Here is a breakdown of the features in the dataset

* `CustomerId`: a unique identifier for each customer within the dataset. These values are not ordered sequentially within the dataset, and are only used to identify a specific customer. It typically does not have any influence to whether a customer leaves the business.
* `Surname`: A string used to identify the customer in the dataset. Surname may be distinct amidst all or most customers. Because of this, it most likely won't affect the target variable. 
* `CreditScore`: a numeric representation of the customer's individual fiscal credit score. Typically used to indicate eligibility for loans. Current credit scores use a range from 300 to 850, but the FICO auto score range uses 250-900. This feature likely determines retention rate of customers. 
* `Geography`: this feature contains a categorical string representing the name of a country the customer is from originally. 
* `Gender`: this feature contains a categorical string representing the gender of the customer ("Male"/"Female"). 
* `Age`: a numerical integer representation of a customer's age. Intuition suggests that older customers are likely to have higher retention than younger customers.
* `Tenure`: a numerical integer representation. It is assumed that this feature represents the number of total years the customer has been retained. It is likely that customers which have been retained longer will continue to be retained.
* `Balance`: a numerical floating point number (to two decimal places of precision) indicating the customer's current bank balance (assumed total across all accounts).
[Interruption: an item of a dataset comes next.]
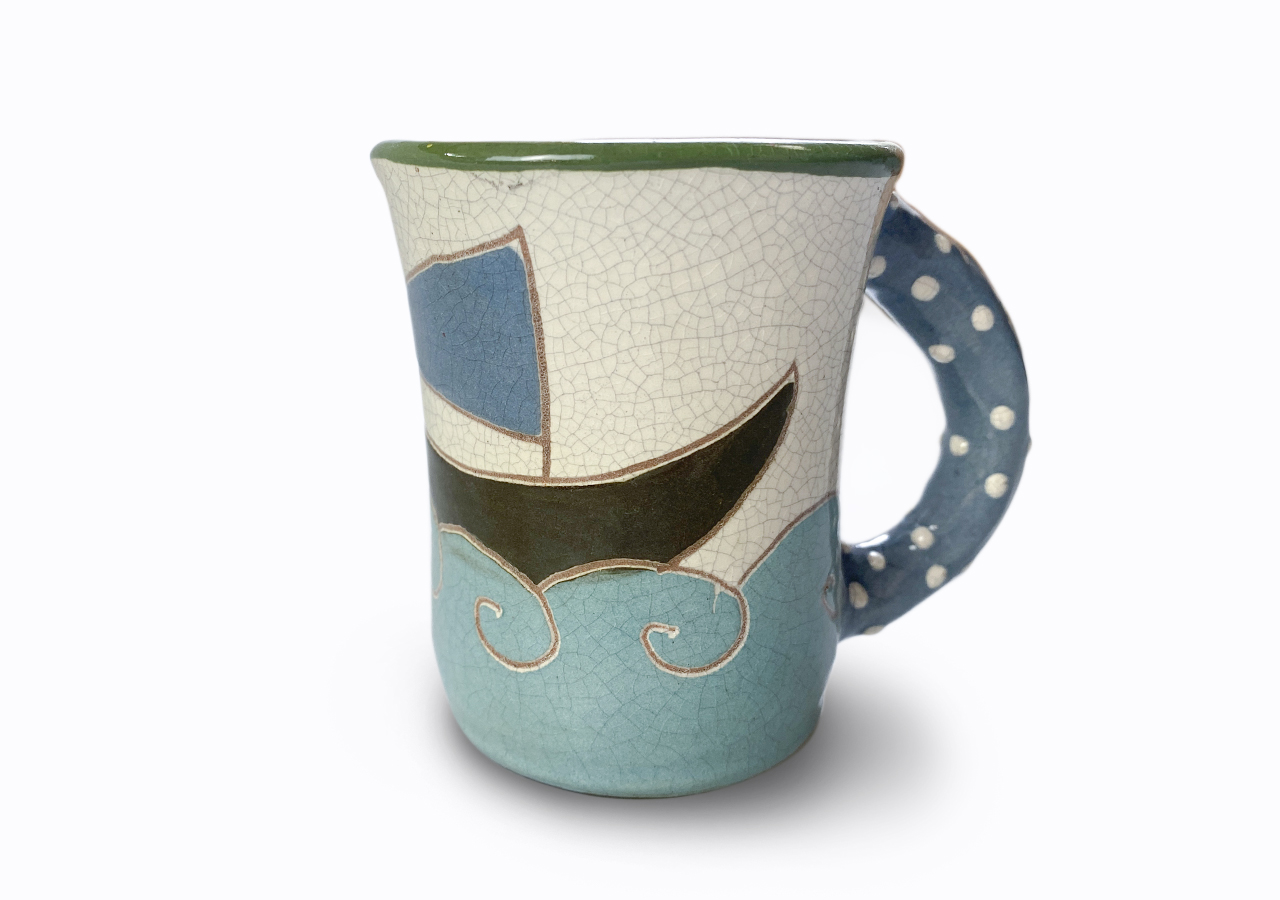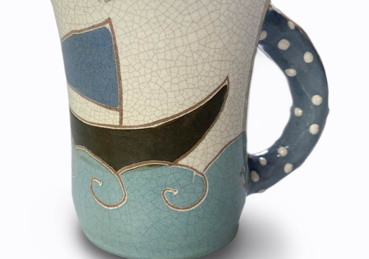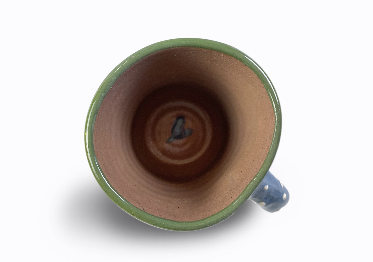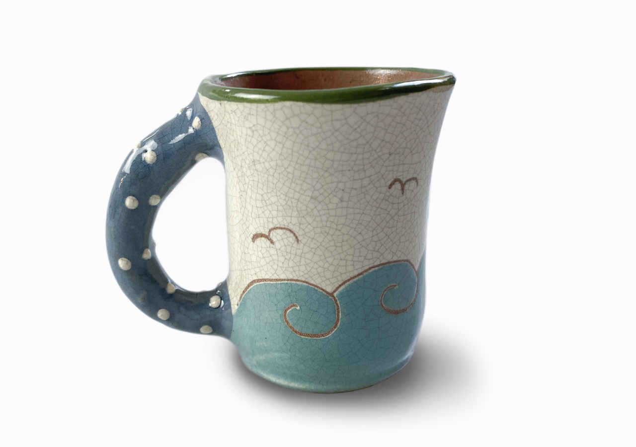 Agyagból korongoztam, megformáltam a fülét, ráragasztottam, majd száradás után megfestettem, kiégettem, mázaztam, újra égettem.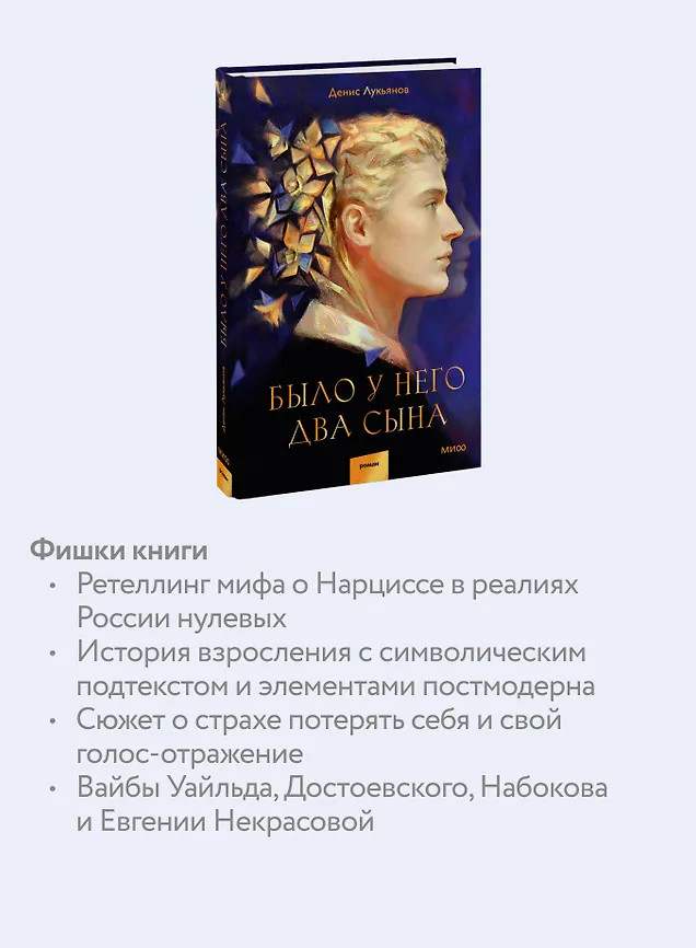 «Было у него два сына» — история о борьбе двух комиксистов, современное и мистическое переложение мифа о Нарциссе, а еще — сказок о двух братьях и двойниках. Текст задумывался зеркальным, здесь двоится и противопоставляется все: от персонажей до системы образов. Российская провинция соперничает с мегаполисом, мир суеверий с миром поп-культуры, няня-Василиса с бабкой-Медеей. Роман получился мистический, с вайбами Уайльда, Достоевского, Набокова и, пожалуй, Евгении Некрасовой. Он буквально нафарширован всякими отсылками: от таинственного доктора-Ананси до маленького Лужина. Но прежде всего это история о творческой зависимости, о неумении прорабатывать внутренние травмы, о мировой боли, которую слышит главный герой, дитя тысячелетия, рожденный в двухтысячном. А написано все это дело во втором лице. Почему? А кто может рассказать историю Нарцисса лучше, чем его отражение?

Customers with a greater balance may be less likely to exit the account due to difficulty of transfer. 
* `NumOfProducts`: numeric integer value. It is assumed that this value represents the number of accounts (products) that this customer has open. Further evaluation of this feature would be needed to determine the usefulness of this feature, but at face-value, intuition dictates that a customer with more products is less likely to exit. 
* `HasCrCard`: boolean flag (0 or 1) representing whether the customer has a credit card or not. 
* `IsActiveMember`: boolean flag (0 or 1) representing whether the customer is an active member of the bank. It is assumed this indicates whether the customer has transactions on the regular banking statement. Intuition dictates that inactive members are more likely to exit. 
* `EstimatedSalary`: numerical floating point representation of the customer's predicted salary (to two decomal places) intuition dictates that customers with different incomes may behave differently with respect to retention rate. 
* `Exited`: boolean flag (0 or 1) representing whether the customer has exited their account. This is the target variable for the dataset.

## Data Summary
* The following function reads the dataset from a file, constructs the dataframe in pandas and provides a summary of much of the relevant data giving a brief overview

In [1]:
import pandas as pd
import keras
from keras import layers
from sklearn.model_selection import train_test_split
from sklearn.preprocessing import OneHotEncoder
from sklearn.metrics import confusion_matrix


In [2]:
def summarize_dataset(csv_file):
    data_set = pd.read_csv(csv_file)
    # Count and print the number of rows
    a = len(data_set.index)
    print('total number of rows =  %d' % a)
    # Count and print the number of columns
    b = len(data_set.columns)
    print('total number of columns =  %d' % b)
    # The describe function drops the non-numerical columns, subtract this from the total number
    c = b - len(data_set.describe().columns)
    print('number of columns having non-numeric values = %d' % c)
    missing_data_tuples = []
    # Loop through the columns, if a column contains missing values note that column and sum the number of missing values
    for column in data_set:
        if data_set[column].isna().sum() > 0:
            d = column
            e = data_set[column].isna().sum()
            missing_data_tuples.append((d, e))
    missing_data_tuples = sorted(missing_data_tuples, key=lambda x: (x[1], x[1]), reverse=True)
    print('columns with missing values = {0}'.format(missing_data_tuples))
    f1 = 'Male'
    f2 = 'Female'
    # Divide the number of each gender who exited by the total number of each gender
    g1 = len(data_set[(data_set['Gender'] == f1) & data_set['Exited'] == 1]) / len(data_set[data_set['Gender'] == f1])
    g2 = len(data_set[(data_set['Gender'] == f2) & data_set['Exited'] == 1]) / len(data_set[data_set['Gender'] == f2])
    g1 = f'{g1:.2%}'
    g2 = f'{g2:.2%}'
    gen_exit = [(f1, g1), (f2, g2)]
    gen_exit = sorted(gen_exit, key=lambda x: (x[1], x[1]), reverse=True)
    print('gender based summary of exited column = {}'.format(gen_exit))
    # Divide the number of those in each age group who exited by the total number of each age group
    h1 = len(data_set[(data_set['Age'] <= 40) & data_set['Exited'] == 1]) / len(data_set[data_set['Age'] <= 40])
    h2 = len(data_set[(data_set['Age'] > 40) & data_set['Exited'] == 1]) / len(data_set[data_set['Age'] > 40])
    h1 = f'{h1:.2%}'
    h2 = f'{h2:.2%}'
    age_exit = [('below or equal to 40', h1), ('above 40', h2)]
    print('age based summary of exited column = {}'.format(age_exit))
    # Calculate the mean and standard deviation
    i = data_set['CreditScore'].mean()
    j = data_set['CreditScore'].std()
    print('credit score summary = %.2f +/- %.2f' % (i, j))
    return data_set
dataset = summarize_dataset('dataset/datasetX.csv')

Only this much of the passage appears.